1992 Ferrari 512 TR
Over thirty-five years after its introduction, the Testarossa remains a visually stunning expression of Ferrari. Its shocking proportions, particularly the width of the rear track, were driven by the decision to move the radiators from the front of the car to the sides to reduce cabin heat, necessitating what became the car’s visual calling card: the long strakes on the doors and rear fenders. Much of the car’s development was aimed at making the Testarossa more civilized than its Boxer predecessor, addressing contemporary complaints that the Boxer was too raw and insufficiently usable. By that measure, the Testarossa was a success: it was exceptionally high performance but also refined and comfortable. It was a blend that struck a chord with buyers, and over 7,200 examples were built, making it one of Ferrari’s most successful cars of all time.
The Testarossa received minor updates throughout its relatively long production run, and then a major update for the 1992 model year to turn it into the 512 TR. Virtually every system of the car was substantially re-engineered, largely with the goal of addressing complaints that the original Testarossa had forgone a little too much of the visceral excitement that should define a Ferrari. The engine was changed from Bosch CIS to Motronic, the valves enlarged, and the compression ratio increased. The exhaust system was also redesigned and the resulting engine gained approximately 50hp and a broader power curve while also becoming dramatically more responsive and sounding much better. The engine was also moved forward and down in the car, a significant enough change to improve the weight distribution by one percentage point at each axle. The suspension was also revised, the steering ratio quickened, and lower profile tires fitted to go with new 18 inch wheels, an increase of two inches. The brakes were also enlarged and fitted with cross drilled rotors.
The resulting car feels dramatically different before the clutch is even out: its powertrain is much more urgent, and there is a tautness to its responses in all respects which transforms the quiet, civilized feel of the Testarossa into something with genuine sporting urgency.
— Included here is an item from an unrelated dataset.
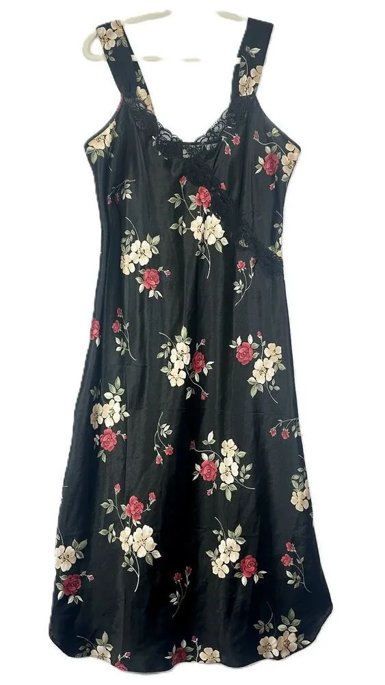 Vintage Adonna Floral Satin Midi Slip Dress Size Medium Lace Whimsigoth Black - $36 - From Samantha
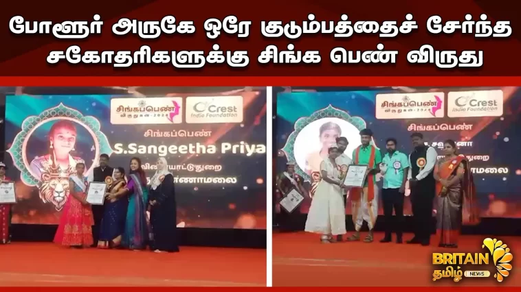 போளூர் அருகே ஒரே குடும்பத்தைச் சேர்ந்த சகோதரிகளுக்கு சிங்க பெண் விருது

This particular car is a US car which spent its life in various states, including with its current owner in California for the last 11 years. It has covered 20,000 miles and presents nicely. It has two sets of aftermarket wheels: vintage silver Speedline modular wheels as well as more contemporary black HREs. The car also has a Tubi muffler and a period aftermarket stereo. These changes are easily reversible but collectively give the car a sort of time-warp feeling because the modifications are consistent with how this car would have been modified when new. Included with the car are the HRE wheels as well as the books and partially complete tool set.